Leave the pictures out and quote only the lines from the one with "Pinkoz デザイナー スタイリッシュミディ" down to the end of the listing below.

---*---

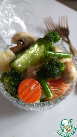 Выкладываем подготовленные овощи в ёмкость соответствующего
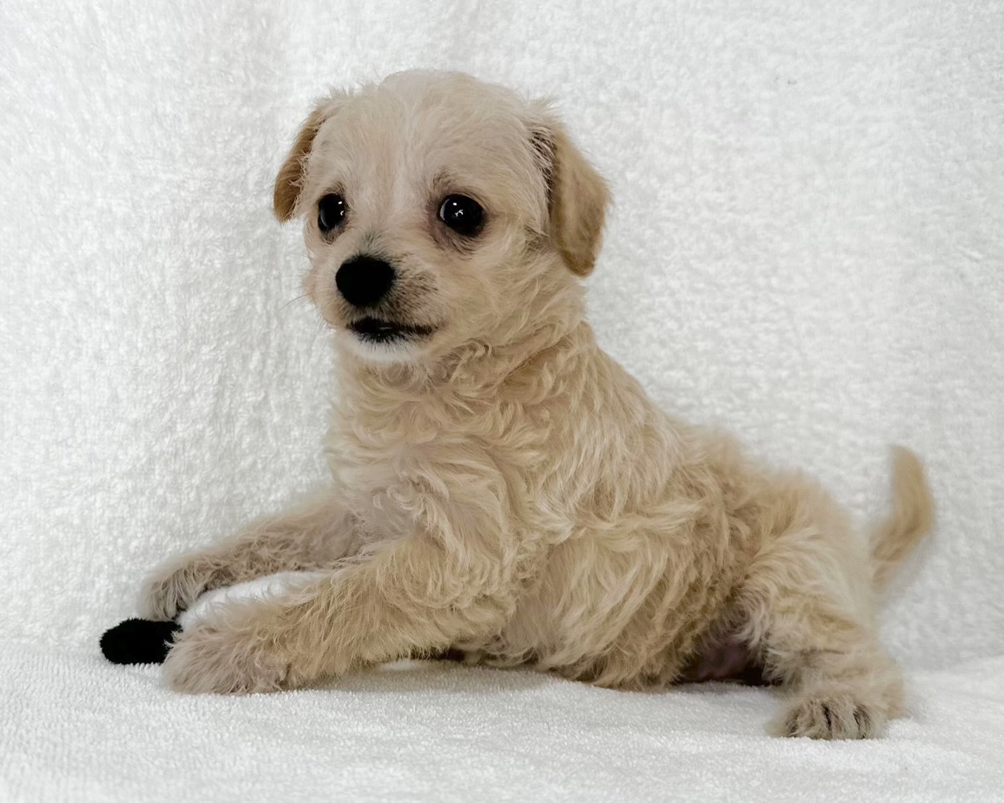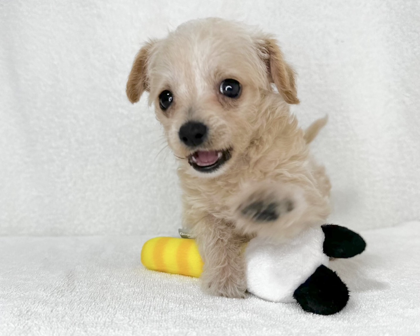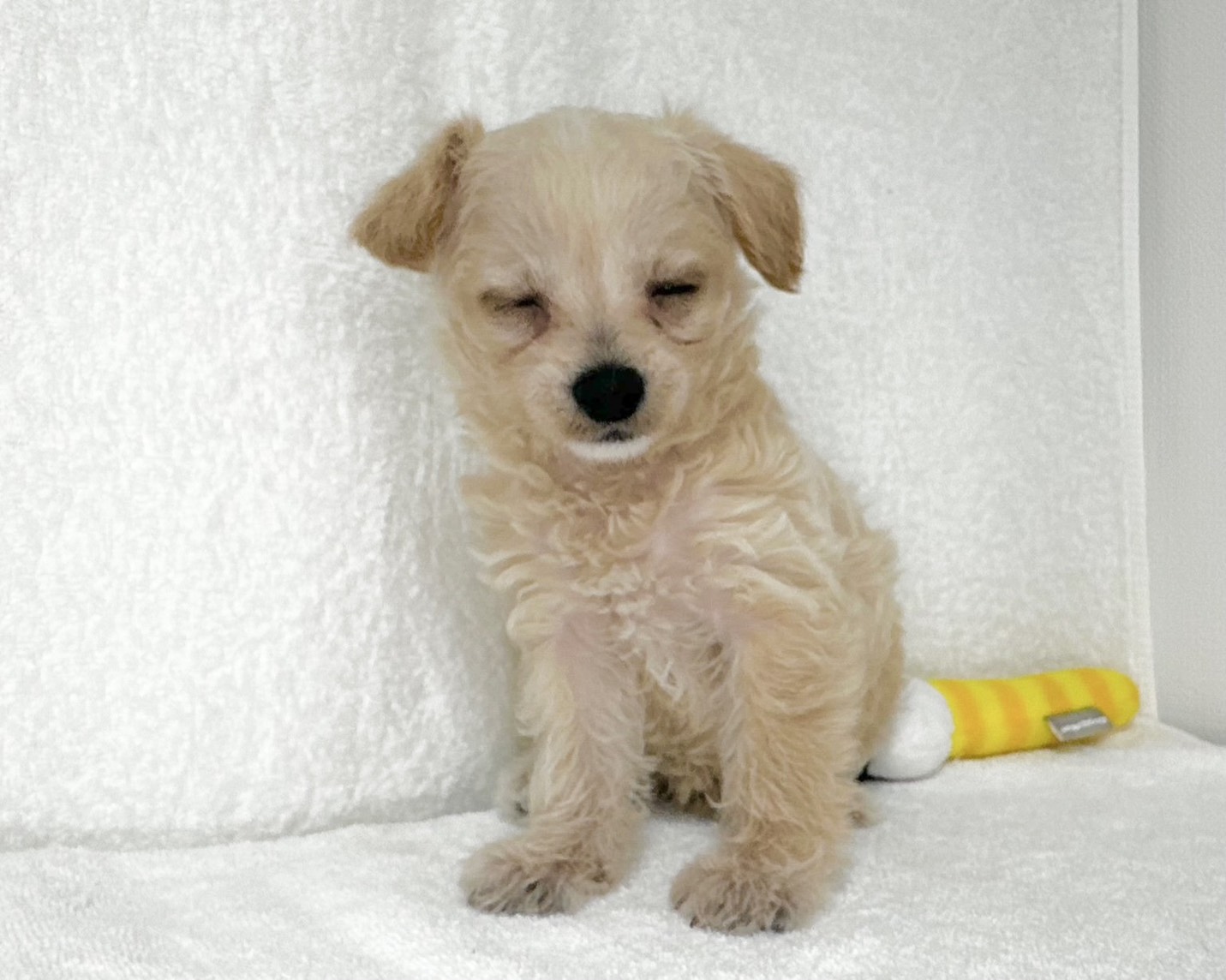 やさしいクリーム色の被毛が印象的な、チワワ×マルチーズの女の子です。
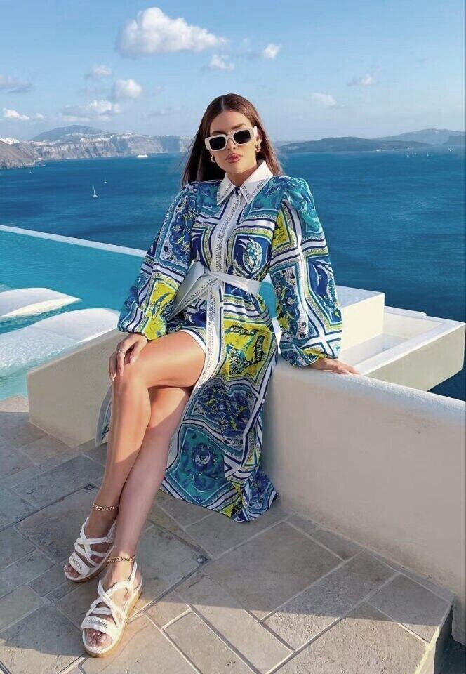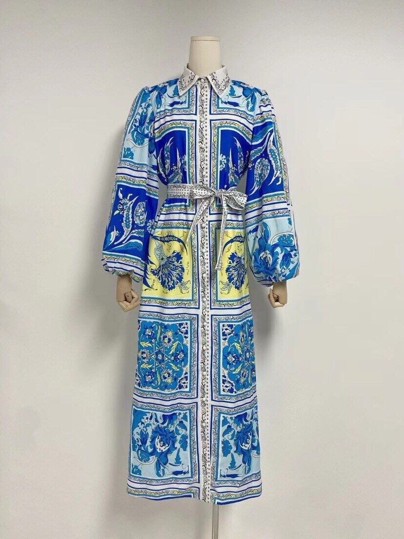Pinkoz デザイナー スタイリッシュミディ ドレス自由奔放生きるシングル ブレスト ランタン スリーブ チェック柄フローラル プリント ルーズ カジュアル ドレス ベルト付き ピンク ランタンスリーブ ハーネス 花柄
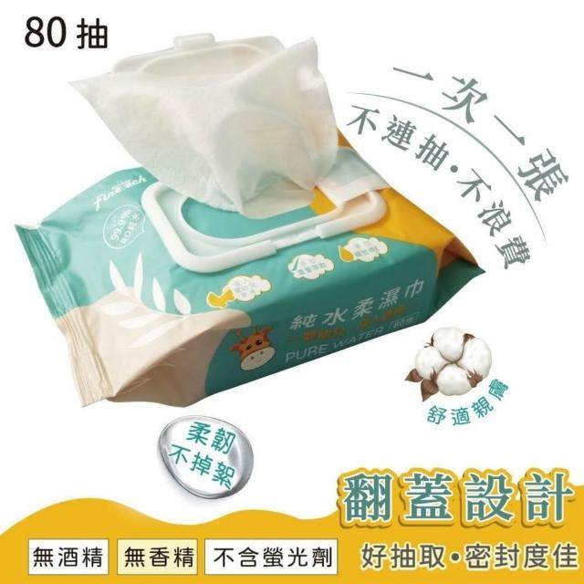 Finetech 釩泰長頸鹿濕紙巾80抽 嬰幼兒 成人 濕紙巾 添加蘆薈萃取 純水濕紙巾 潔膚濕巾 有蓋80抽 10抽 無酒精 無香精
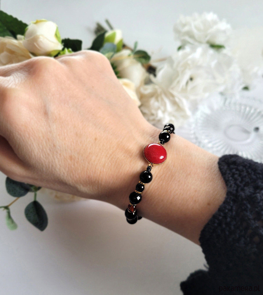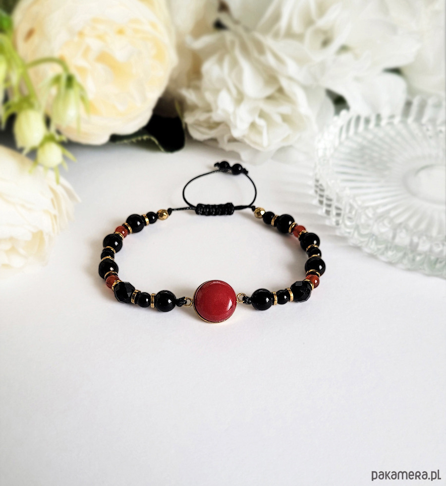 Czarna elegancka bransoletka zrobiona z kamieni naturalnych: Turmalinu fasetowanego, Onyksu, Jedeitu, Agatu karneolowego oraz Hematytu.

---*---

### EXERCISE RESPONSE:
Pinkoz デザイナー スタイリッシュミディ ドレス自由奔放生きるシングル ブレスト ランタン スリーブ チェック柄フローラル プリント ルーズ カジュアル ドレス ベルト付き ピンク ランタンスリーブ ハーネス 花柄
 Finetech 釩泰長頸鹿濕紙巾80抽 嬰幼兒 成人 濕紙巾 添加蘆薈萃取 純水濕紙巾 潔膚濕巾 有蓋80抽 10抽 無酒精 無香精
 Czarna elegancka bransoletka zrobiona z kamieni naturalnych: Turmalinu fasetowanego, Onyksu, Jedeitu, Agatu karneolowego oraz Hematytu.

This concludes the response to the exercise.